Today, the owners of Elysian - Joe Bisacca, Dick Cantwell, and David Buhler – have offered all of us who bonded with their community vibe, great beers, and – for lack of a better word - Seattleness, a big ol’ hearty “Up Yours!” What they’ve said, in effect, is that our allegiance to their brand, our dollars spent on Elysian beers, our online reviews, our proudly wearing Elysian gear, the crown-driven demand for Avatar as a year-round beer, our good wishes and support were just…not enough. In the classic, predictable, utterly sad and depressing manner of businesspeople everywhere whose ambition eventually begins to outweigh their original values, they went for the easy cash. Somehow, breweries like Firestone Walker, Three Floyds, Cigar City, Deschutes, Stone, Dogfish, Sam Adams, Founders, Bell’s, Troeg’s and a hundred others worked it out to become prominent national brands on their own initiative, by their own rules and values, without resorting to crawling into the well-soiled bed with a proven enemy of everything they originally held dear. Oh, they’ll tell themselves that they did it to “grow their brand” and help them achieve their goals and please more people but what it actually did was invite into my state, my backyard, my freakin’ hometown, a virus that will and very much wants to kill craft brewing as we know it in the US.

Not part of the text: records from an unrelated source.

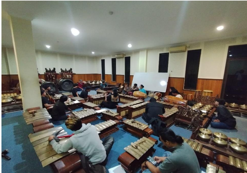
Gambar 5. Proses Latihan di Ruang Goplo Jurusan Karawitan. (Foto: Pratama, 15 mei 2026)
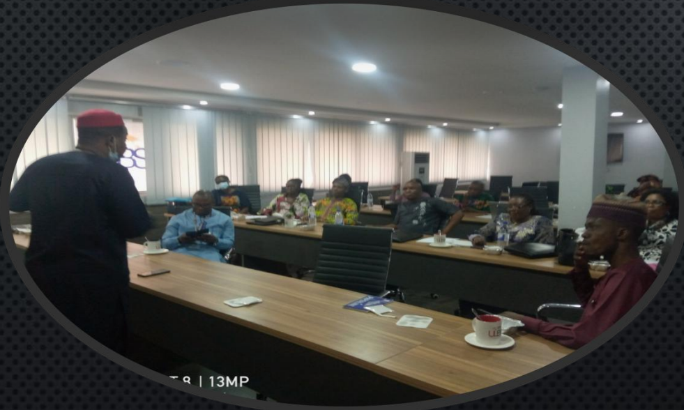
The Centre Leader addressing a the class shortly before presenting the certificates
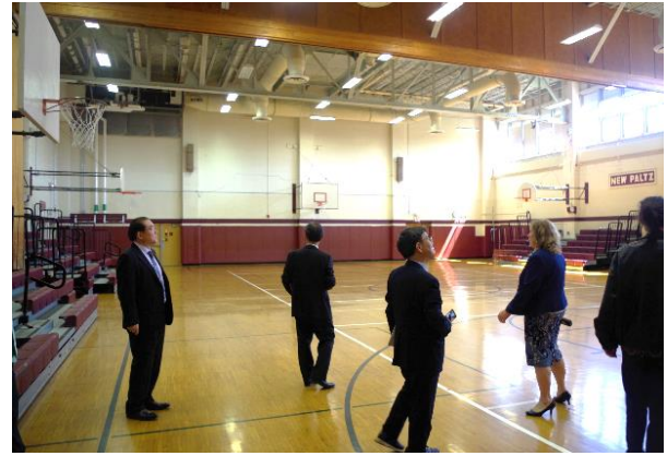
Tour of the gym

Bisacca, Cantwell, and Buhler weren’t imaginative enough to see how they could achieve their lofty ambitions for Elysian without compromise, so they chose the easy way out, the quick ‘n’ dirty, the deal with the devil. They were lazy and greedy. Now, these unprincipled SOBs at AB own property in Washington. They can now legitimize trips to Olympia to sell their Holy Of Holies, the three-tier system, which they largely control all over the nation. They now have an entree for their well-documented shady business practices, squeezing competitors, and undermining, basically, anybody who is not AB/InBev, because that’s what they do. That’s what they have always done. It’s always been impossible for AB to sell their beers on the level-playing-field basis of quality because they have no quality to sell. They make watery, insipid, cheaply-made adjunct Pilsners and that is all they do with any facility. They’ve become world-class great at little backroom deals and dismissive marketing ploys because they had to in order to keep people from discovering just how profoundly crappy their products are.